The Iranian Threat
|Susan St. Claire||January 27th 2013|
ran has formally banned all oil and gas exports to the European Union, an official said on January 27. Oil Ministry spokesman Ali Reza Nikzad Rahbar told the semiofficial Mehr news agency that the ban will remain in effect as long as "hostile decisions" continue to be made by the EU. The Iranian ban is expected to have limited effect since the 27-member bloc already has imposed its own boycott on Iranian energy as part of its package of sanctions over Iran's disputed nuclear program. Before the EU ban took effect last year, sales to the EU accounted for about 18 percent of Iran's oil and gas exports. The United States and many other countries fear that Iran is attempting to develop nuclear weapons. Iran maintains its nuclear program is exclusively peaceful.
Despite many requests by EU countries on buying oil and gas from Iran, Iran will not sell any oil and gas to those countries,” Nikzad Rahbar told Mehr news agency.
It is not clear what “requests” Nikzad Rahbar was referring to, as the EU stopped importing crude oil in July last year, and gas under the latest round of sanctions that came into force earlier this month. It comes as fresh restrictions are being implemented by the EU, preventing Iranian banks from dealing with Europe, unless for humanitarian purposes.
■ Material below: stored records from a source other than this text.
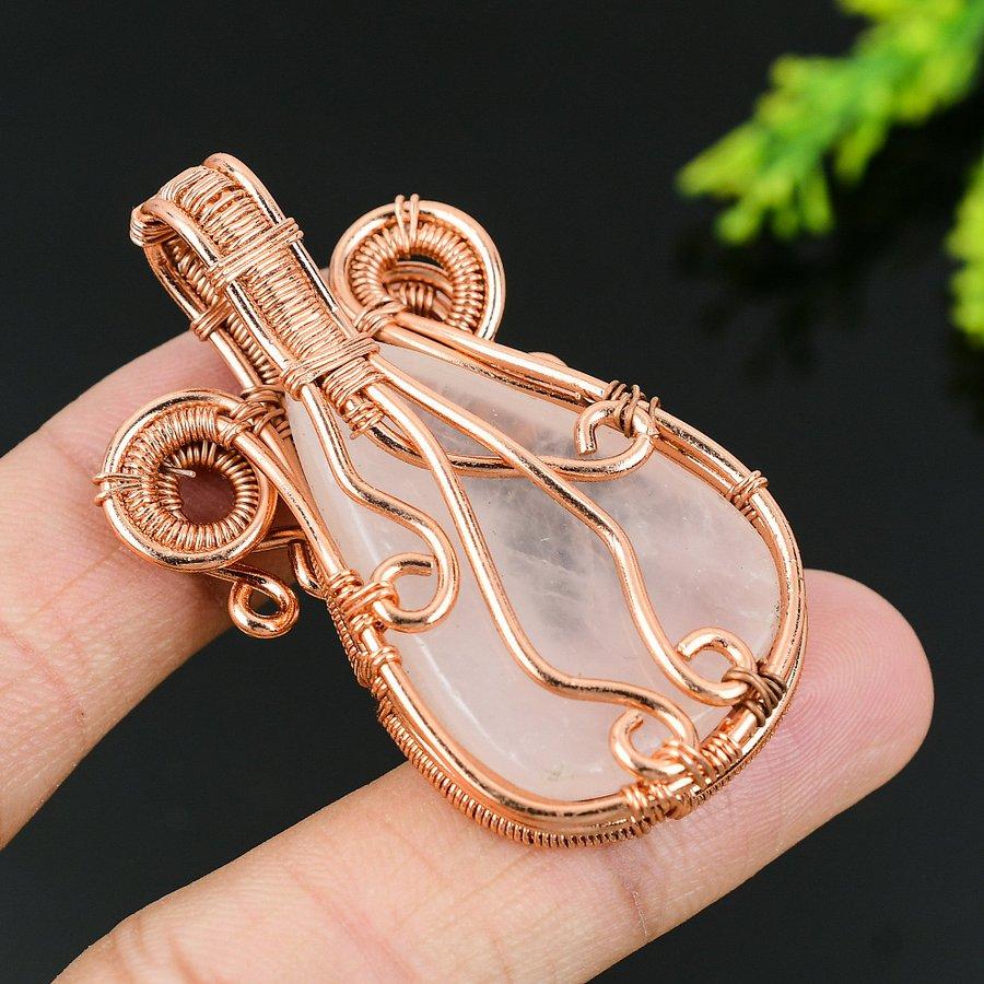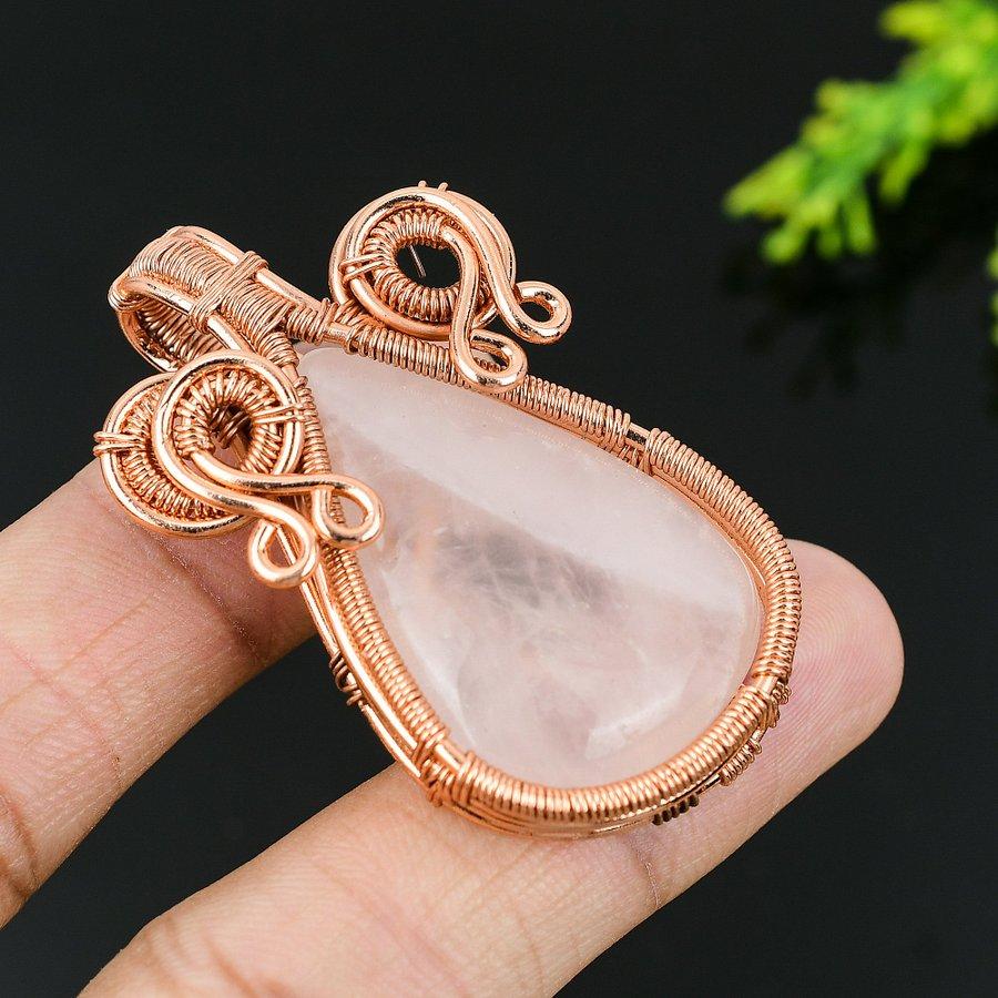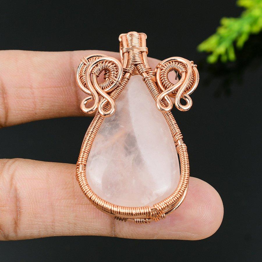 Натуральный розовый кварц, драгоценный камень, медная проволока ручной работы, подарочная подвеска 2,17 E7O93
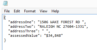 As a follow up to this post, I then turned my attention to parsing the Wake County Public School Assignment Site. If you are not familiar, large schools districts in America have a concept of ‘nodes’ where a child is assigned to a school pyramid (elementary, middle, high schools) based on their home address. This gives the school attendance tremendous power because a house’s value is directly tied to how “good” (real or perceived) their assigned school pyramid. WCPSS has a site here where you can enter in your address and find out the school pyramid.
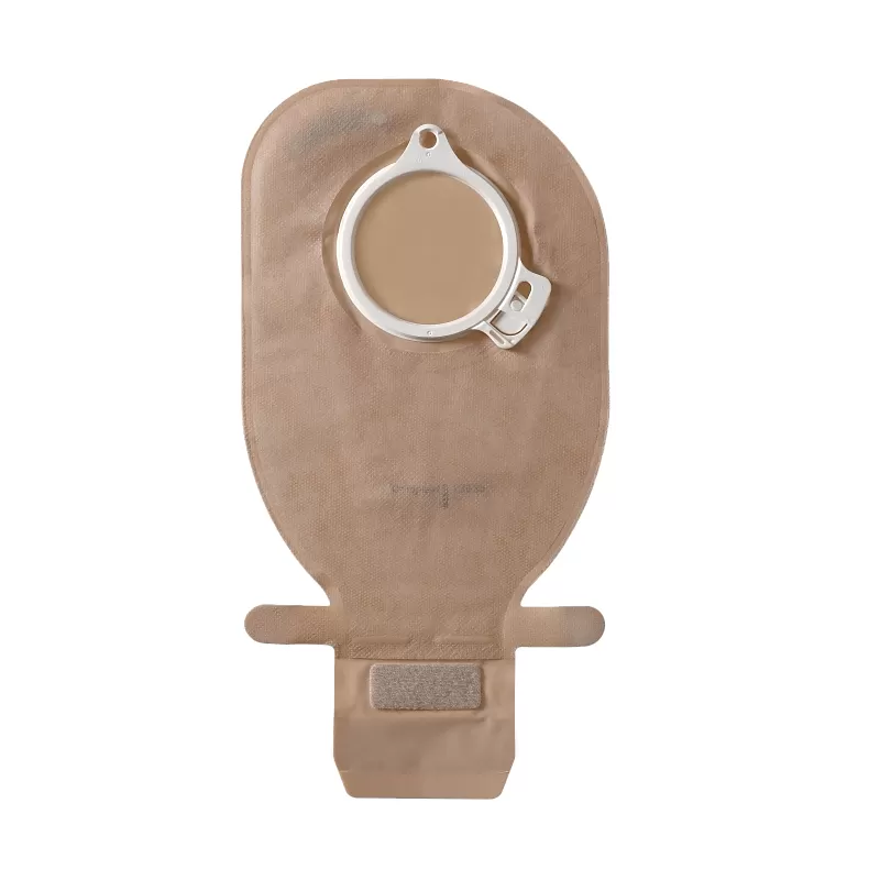 - Стомный мешок крепится на фланце клеевой пластины с помощью кольца-защелки. Щелчок подтверждает надежность крепления мешка на пластине.
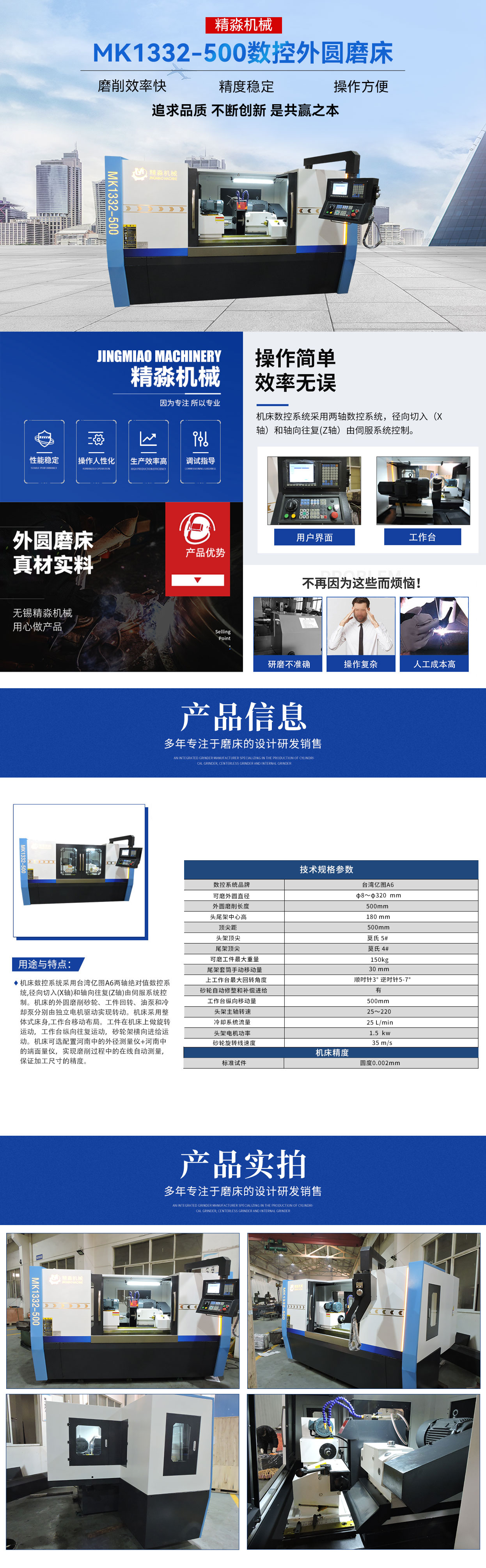 歡迎您訪問無錫市精淼機械科技有限公司官網(wǎng)!本公司主要產品有:磨床,外圓磨床,萬能外圓磨床,數(shù)控外圓磨床,數(shù)控端面外圓磨床,數(shù)控復合磨床,專機定制,高精度外圓磨床 !
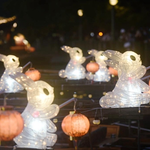 “玉兔燈”點(diǎn)亮杭州西湖
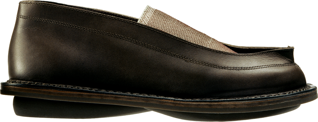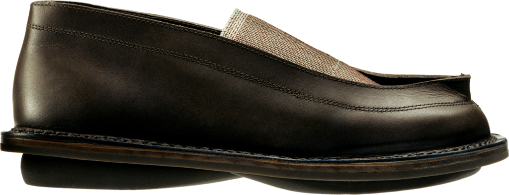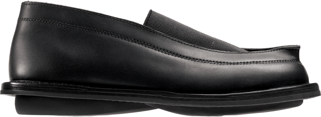 The flowing lines of this style bring to mind the shape of a ship. The wide elastic on the instep makes it easy to slip it on.
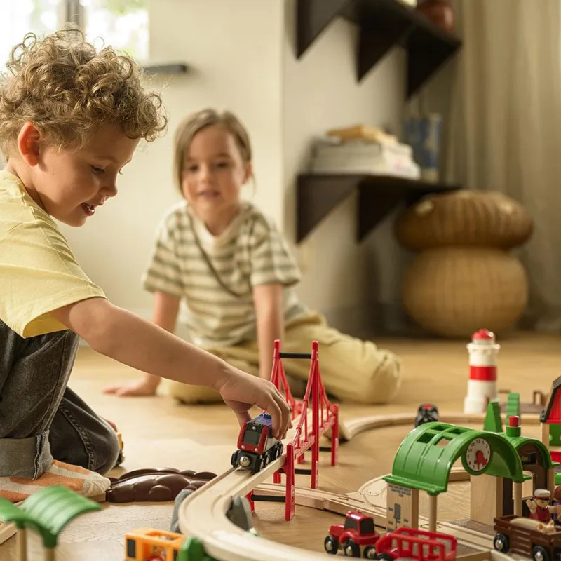 Diseñados en Suecia y fabricados con madera FSC de bosques sostenibles, los trenes BRIO son un clásico del juego que ha acompañado a generaciones. Su sistema modular permite construir circuitos infinitos, desarrollar la coordinación y fomentar la autonomía en el juego. Sin cables ni pantallas, cada pieza invita a imaginar historias, resolver pequeños retos y conectar con otros a través del juego simbólico. Una propuesta duradera, segura y llena de posibilidades para crecer jugando.
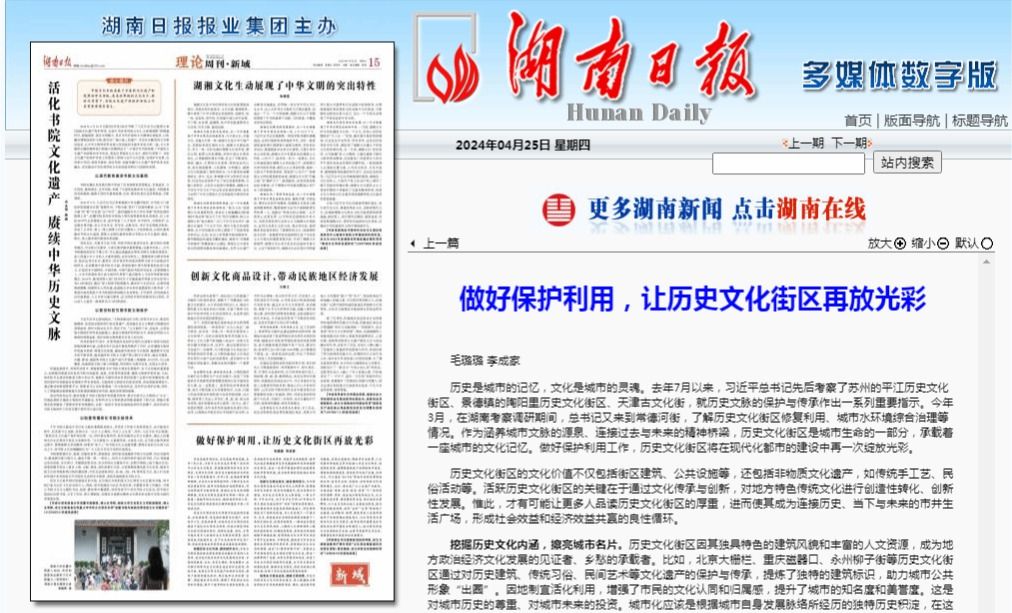 历史是城市的记忆,文化是城市的灵魂。去年7月以来,习近平总书记先后考察了苏州的平江历史文化街区、景德镇的陶阳里历史文化街区、天津古文化街,就历史文脉的保护与传承作出一系列重要指示。今年3月,在湖南考察调研期间,总书记又来到常德河街,了解历史文化街区修复利用、城市水环境综合治理等情况。作为涵养城市文脉的源泉、连接过去与未来的精神桥梁,历史文化街区是城市生命的一部分,承载着一座城市的文化记忆。做好保护利用工作,...
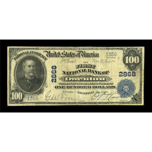 <B>Owenton, KY</B></I> - $100 1902 Plain Back Fr. 698 <B>The First NB</B></I> Ch. # 2868<BR> Bold penned signatures are present on this evenly circulated issue. This example is the finer of the two known $100 Plain Backs. <B>Fine.</B></I><BR><BR><b>Shipping:</b> Coins & Currency (<a target="_blank" href="http://www.heritageauctions.com/common/shipping.php">view shipping information</a>)
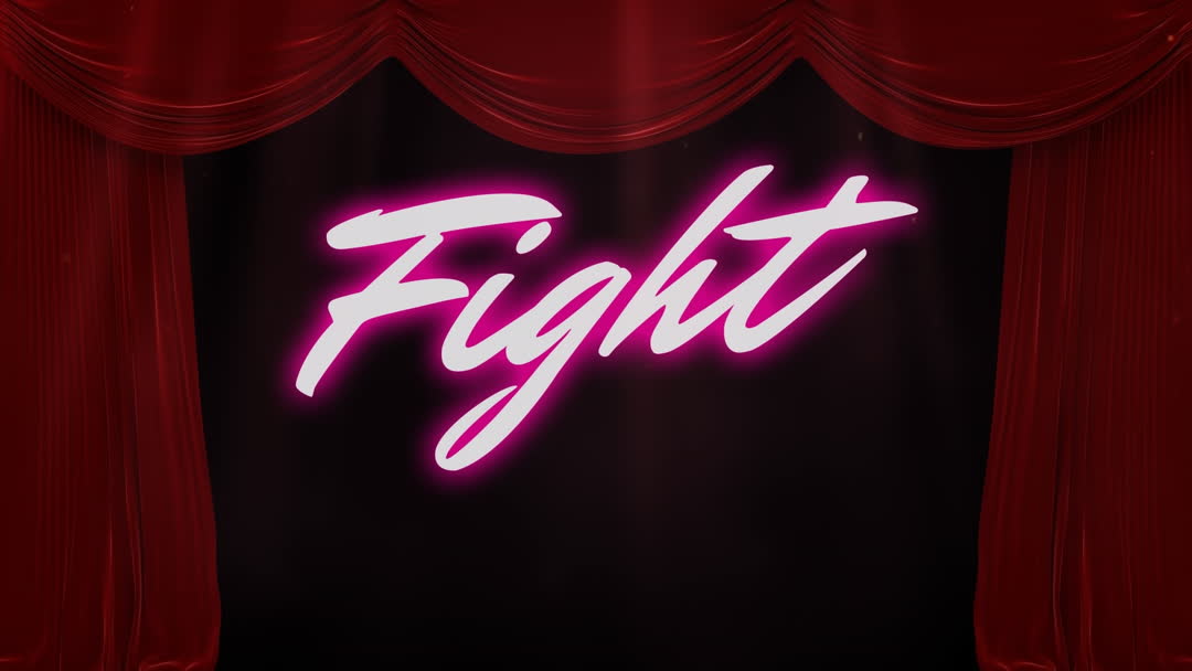 Dramatic word 'Fight' styled in bright neon against velvet red curtains and dark background. Represents power, strength, entertainment, and dramatic tension, ideal for theater promotions, drama-inspired projects, or communication concepts. Effective for attracting attention on social media headers and posters.
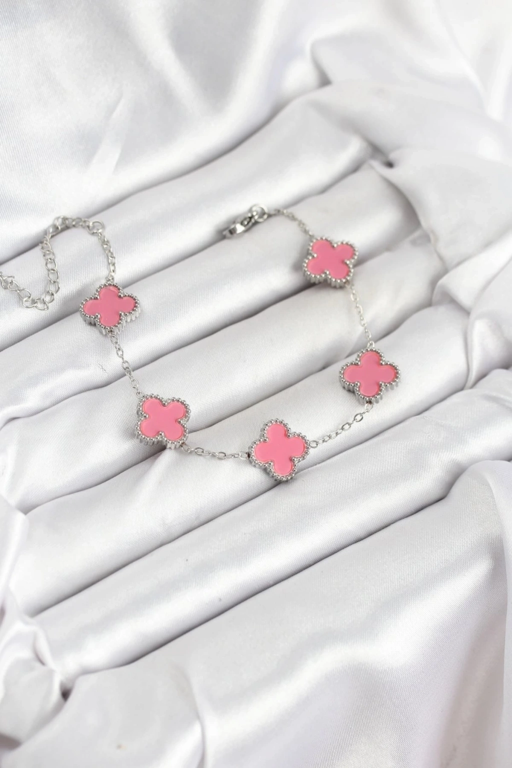 ® 316L Çelik Gümüş Zincir Pembe Renk Yonca Bileklik
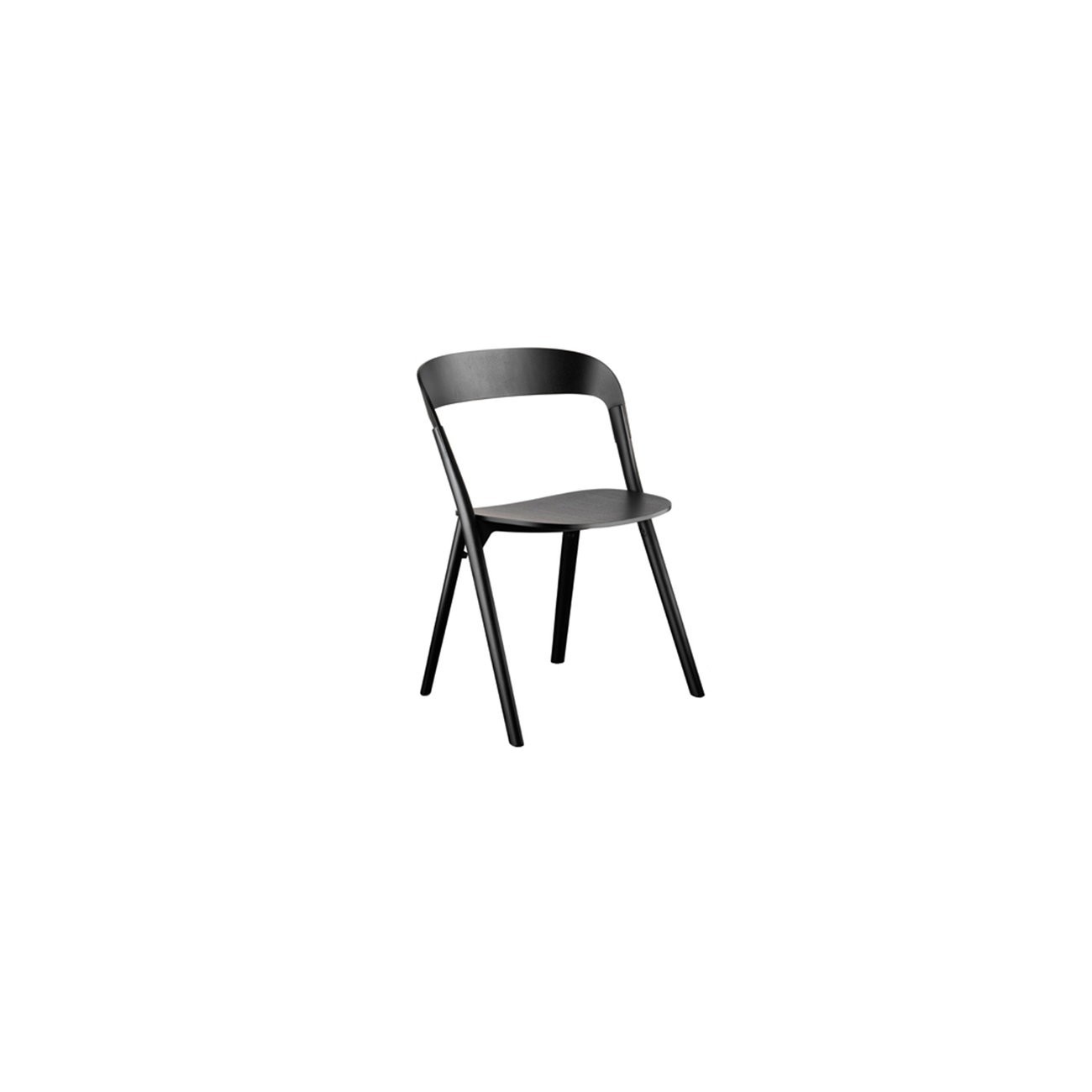Stacking chair. Material: seat and back in ash plywood, natural or painted or in natural oak plywood; legs in solid ash, natural or painted or in natural solid oak; joining element in sanded or painted die-cast aluminium.
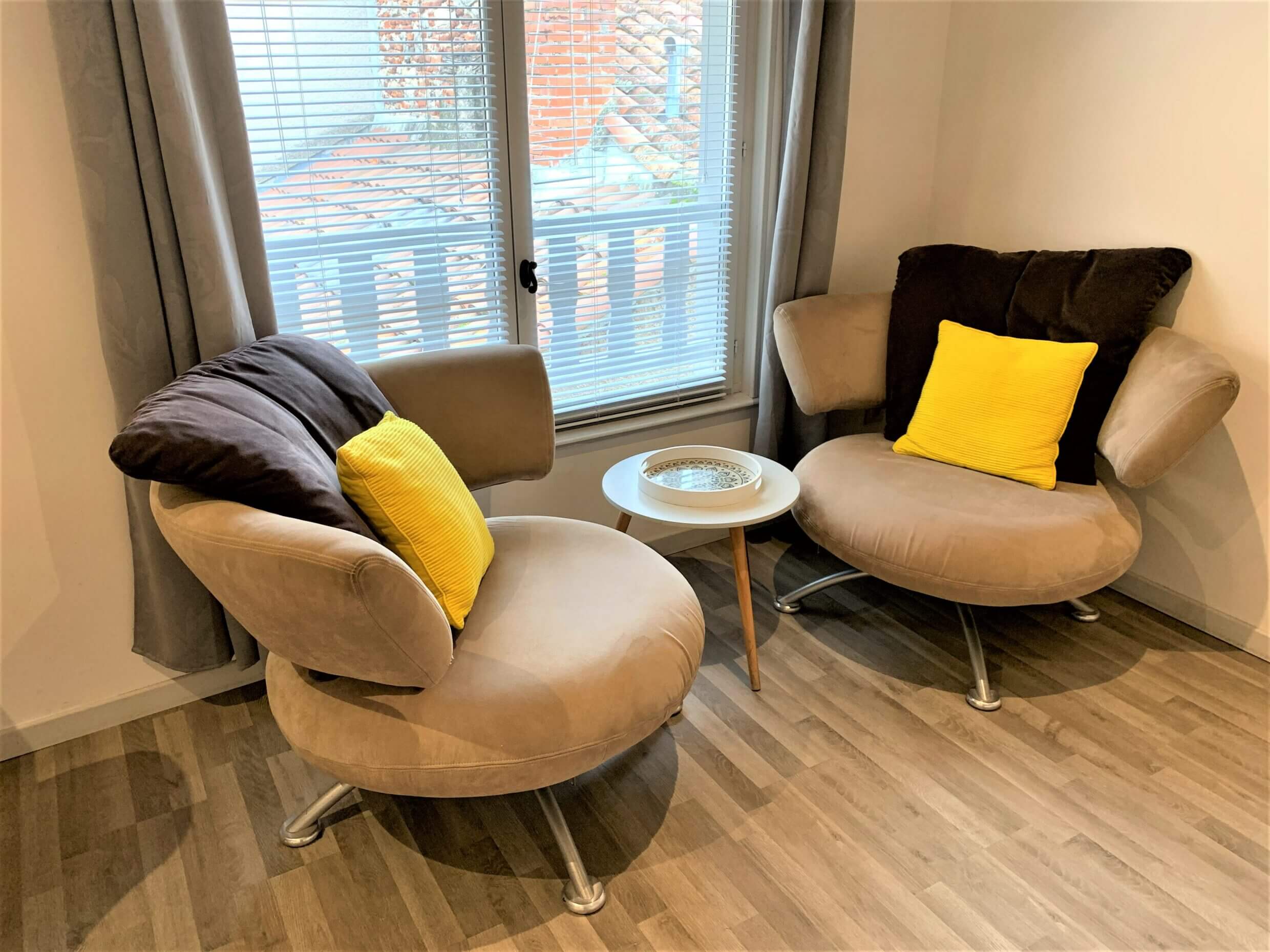 Kitchenette équipée avec plaques de cuisson, micro-onde, machine Nespresso, bouilloire et toute la vaisselle nécessaire pour votre séjour.

The embargoes are aimed at hindering Tehrans nuclear program, which Brussels believes is aimed at developing a nuclear weapon.
Iran’s Central Bank’s assets in the EU have also been frozen and European shipyards cannot construct oil tankers destined for the Islamic Republic. Nikzad Rahbar said Tehran’s counter-sanctions were a direct response to these “hostile decisions”. The exact effectiveness and impact of the sanctions on Iran has been disputed, due to sketchy information coming from Tehran’s officials. The US has estimated that Iran has lost more than $40 billion in revenues as a result of oil import bans gradually imposed over the past year, mostly by Western countries.
Earlier this month, Iranian oil minister Rostam Qasemi also confirmed that oil exports had fallen by 40 percent, which tallies with the US estimate. At the same time, Nikzad Rahbar insisted to Mehr that the exports hadn’t been “affected much” and that “Iran has signed new contracts with other world oil companies”.
There has also been mounting speculation that Iran is circumventing the EU sanctions by setting up fronts in other countries, particularly neighboring Turkey, and exporting petrochemicals through third parties, though the scope of these transactions is unclear.
Officially, Iran’s GDP contracted by 1 percent last year, while its currency lost 80 percent of its value against the dollar.
Tehran insists that its nuclear program is entirely peaceful, while the US and the EU say Iran is producing ever-greater quantities of enriched uranium, which is a key component of a functioning nuclear weapon.
Latest negotiations between the sides have hinged on Iran accepting a new inspection program from the UN’s nuclear watchdog, the IAEA.
After continually failing to even set a date for possible negotiations, the sides are now likely to meet for talks next month.